Wednesday 31 October, 2018

Beyond Imaging: the paradox of AI and medical imaging innovation

AI will change the interaction between doctors and patients. But most patients won’t even know it’s there. That’s because improving the patient experience, provider productivity, diagnostic accuracy and overall quality of care won’t happen overnight or as part of some massive disruption. The best artificial intelligence (AI) will evolve invisibly with and into the existing care continuum – embedded into workflows, applications and devices already in use today.
Today, hospitals store hundreds of millions of digital images, their numbers growing as imaging scanners such as MRIs and CTs become better at capturing thinner and thinner slices of the body – and 3D and 4D images become the norm. There is simply no way humans can turn that much data into useful information.
Hospitals are producing 50 petabytes of data per year[1]. A staggering 90 percent of all healthcare data comes from medical imaging. It’s a lot of information, and more than 97 percent of it goes unanalyzed or unused.
That’s where AI comes in.
AI is vital to tackling this “deluge of data” challenge in healthcare – and medical imaging is a logical place for AI to prove its worth. To do so, man and machine must work together, and radiologists need to appreciate that their roles will transform. By embracing the machine as an integral part of the care team, enabling it to automate routine procedures and processes, clinicians can focus on the most complex and critically ill patients and more efficiently and effectively diagnose and treat disease.
AI-powered medical imaging systems can produce scans that help radiologists identify patterns – and help them treat patients with emergent or serious conditions more quickly.
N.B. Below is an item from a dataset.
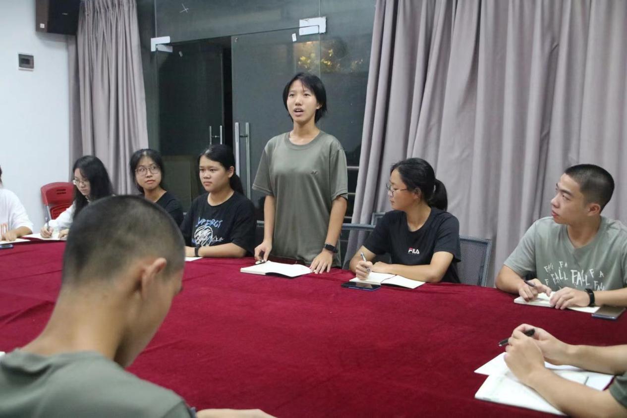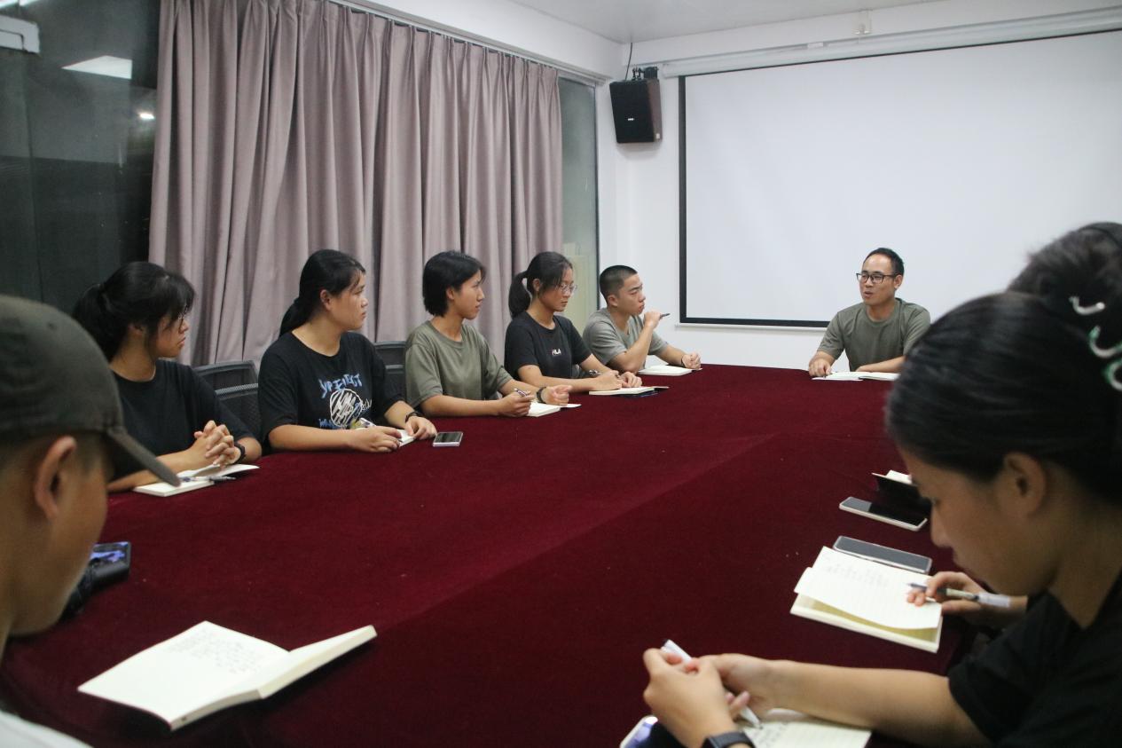 9月2日晚,食品学院军训教官见面会暨军训动员会于食品学院启林南思政工作站顺利召开。食品学院2023级新生辅导员、三团十一营指导员余聪老师和全体教官参与会议。
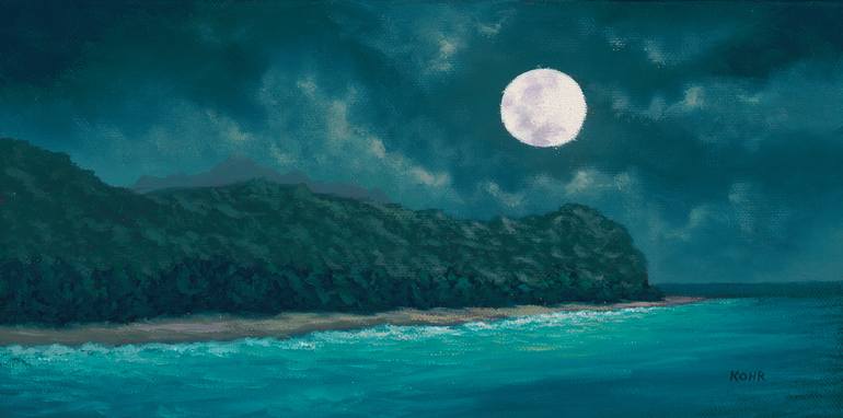Moonscape – there are times when the Moon is so close to Earth that it almost seems like you could reach up and touch it. Or in this case, being in such close proximity that you could jump from the outcropping of land and arrive on the Moon with little effort! This seascape oil painting was painted...

The goal: more accurate, quality care.
Healthcare + Digital
Healthcare providers, equipment manufacturers and imaging technology vendors all have an important role to play in the adoption and evolution of AI in healthcare. For providers specifically, it is key they ensure the tools address the most impactful patient cases or workflow inefficiencies and that they help validate the algorithms in a clinical environment so seamless integration is possible.
Modernizing enterprise imaging can help to improve the overall flow of information in today’s complex healthcare networks. It can also help to establish the consolidated data foundation needed for the efficient use of emerging AI solutions and other data analytics tools.
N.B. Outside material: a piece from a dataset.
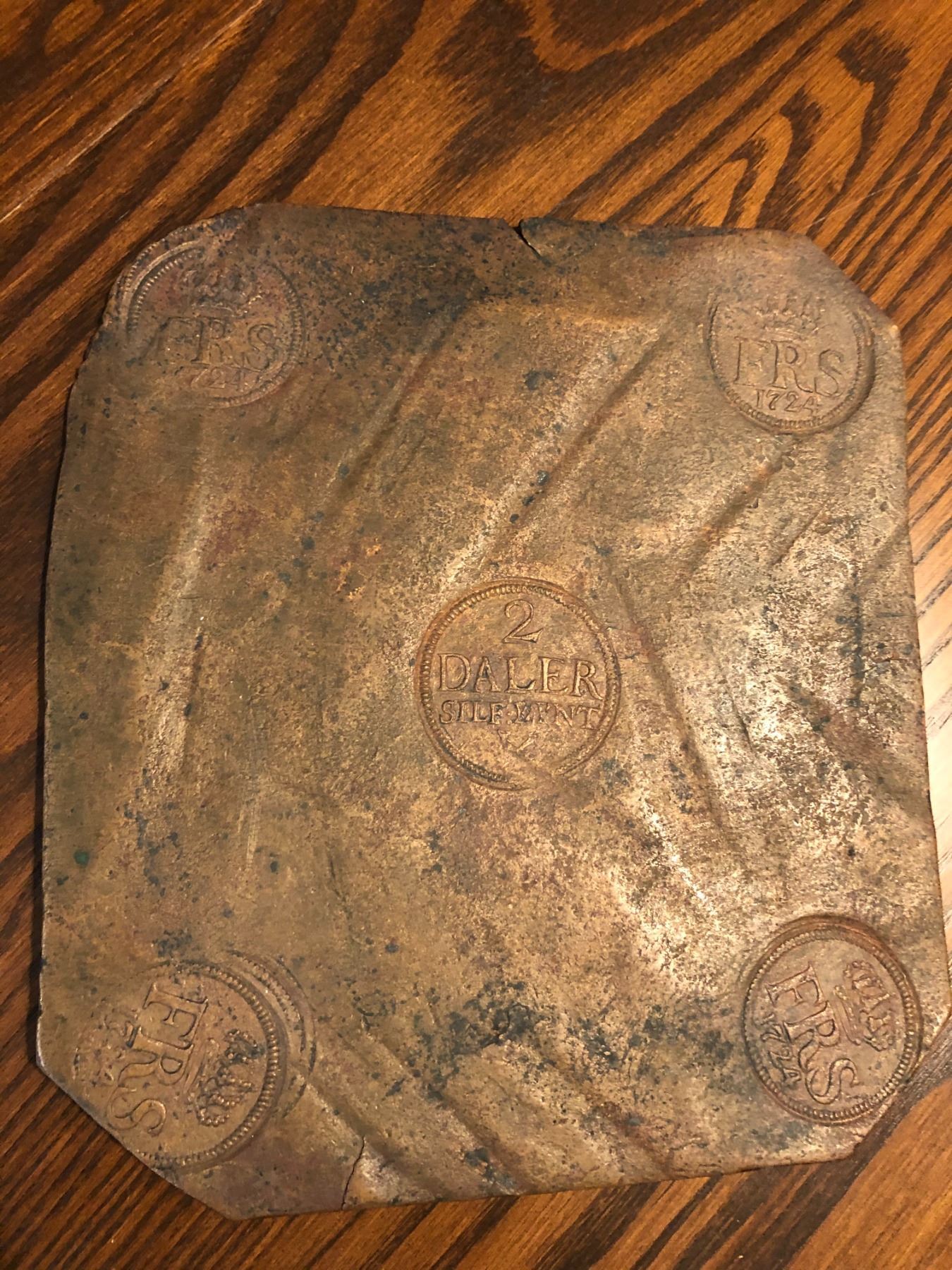 Description: Sweden, Plate Money, Frederick I, 2 Daler 1724 Avesta Mint, KM PM71, EF with bold stamps. Opitz pp. 255-56.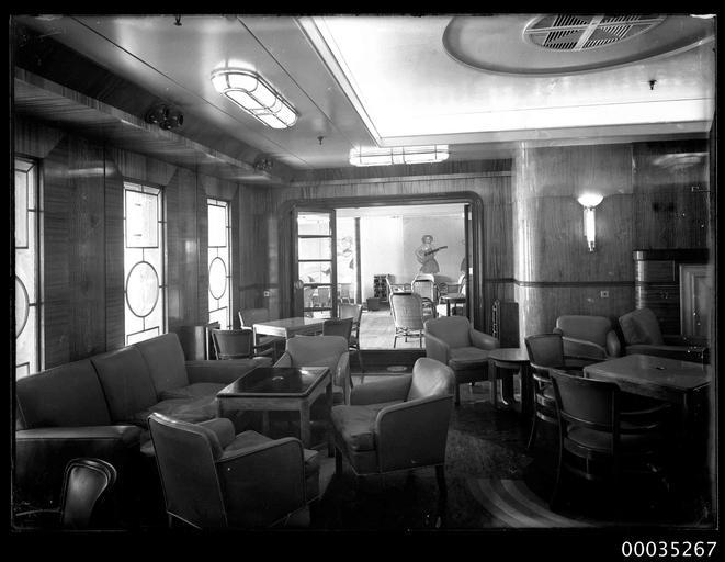 Keywords: hood collection hoodcollection 35267 samuel j hood collection samueljhoodcollection hood tss awatea tssawatea awatea union steam ship company unionsteamshipcompany union steamship company of new zealand unionsteamshipcompanyofnewzealand new zealand newzealand passenger seating area passengerseatingarea ship's interior shipsinterior 1930s furniture 1930sfurniture 1930s cruise liner cruiseliner passenger liner passengerliner passenger ships passengerships sydney circular quay circularquay maiden voyage maidenvoyage blackandwhite monochrome indoor coffee beverage food black and white This photograph depicts the passenger seating area on board TSS AWATEA. AWATEA, built in 1936, was owned by Union Steamship Company and was known as the 'Queen of the Tasman Sea'. It was a luxury liner that serviced the trans-Tasman route. AWATEA was requisitioned by the British Government during World War II and was sunk in 1942. This photo is part of the Australian National Maritime Museum’s Samuel J. Hood Studio collection. Sam Hood (1872-1953) was a Sydney photographer with a passion for ships. His 60-year career spanned the romantic age of sail and two world wars. The photos in the collection were taken mainly in Sydney and Newcastle during the first half of the 20th century. The ANMM undertakes research and accepts public comments that enhance the information we hold about images in our collection. This record has been updated accordingly. Photographer: Samuel J. Hood Studio Collection Object no. 00035267 This photograph depicts the passenger seating area on board TSS AWATEA. AWATEA, built in 1936, was owned by Union Steamship Company and was known as the 'Queen of the Tasman Sea'. It was a luxury liner that serviced the trans-Tasman route. AWATEA was requisitioned by the British Government during World War II and was sunk in 1942. This photo is part of the Australian National Maritime Museum’s Samuel J. Hood Studio collection. Sam Hood (1872-1953) was a Sydney photographer with a passion for ships. His 60-year career spanned the romantic age of sail and two world wars. The photos in the collection were taken mainly in Sydney and Newcastle during the first half of the 20th century. The ANMM undertakes research and accepts public comments that enhance the information we hold about images in our collection. This record has been updated accordingly. Photographer: Samuel J. Hood Studio Collection Object no. 00035267 |

That’s why GE Healthcare and Intel have partnered to design the next generation of imaging technology.
At a first-of-its-kind digital development lab for healthcare imaging technology, Intel and GE Healthcare coders are developing, testing and validating new innovations across medical imaging hardware, software, cloud and edge technology using the new Intel Xeon Scalable platform. The goal is to create solutions that will offer greater hospital efficiency through increased asset performance, reduced patient risk and dosage exposure – with faster image processing – and expedited time to diagnosis and treatment. Specifically, Intel and GE aim to enable radiologists to read images more quickly and to lower the total cost of ownership for imaging devices by up to 25 percent.
Clinicians + Code
In addition to looking at ways to best leverage the big data information from medical images, GE Healthcare is also turning to small data – a data source accessible on a local or department level – to gain valuable, real-time insights into employee practices and patient care to address workflow pain points.
Healthcare’s oldest form of medical imaging, X-ray scans, account for three-fifths of all medical imaging,[3] but X-ray “reject rates,” the number of images that cannot be used due to poor image quality or patient positioning, can approach 25 percent. [4] Reducing these reject rates could save time and resources, improving the patient experience.
That’s why GE Healthcare developed an X-ray analytics application that helps clinicians automate their data collection to understand the root causes of rejected images. Piloted at the University of Washington, the application has saved their radiology department measurable time and resources (up to 230 mouse clicks and seven hours of time) and has provided technologists with readily available feedback to help them work more efficiently.[5]
This work will eventually help radiologists and technologists get the right image on the first try – improving department productivity and freeing up more time for clinical interpretation and patient interaction. Leveraging small data for specific purposes can produce big wins that move organizations along in affecting change.

The Beyond Imaging Future
AI is not a “one size fits all” solution. It’s about going beyond the imaging machine to make it intelligent with software and analytics. AI partnerships and advanced analytics teams have made significant progress over the past few years, but the work and outcomes are just getting started.
These AI-enabled tools will quickly feel invisible, making way for a more personal doctor-to-patient experience. AI can empower clinicians to do their best work by freeing up their attention to do what only a human can.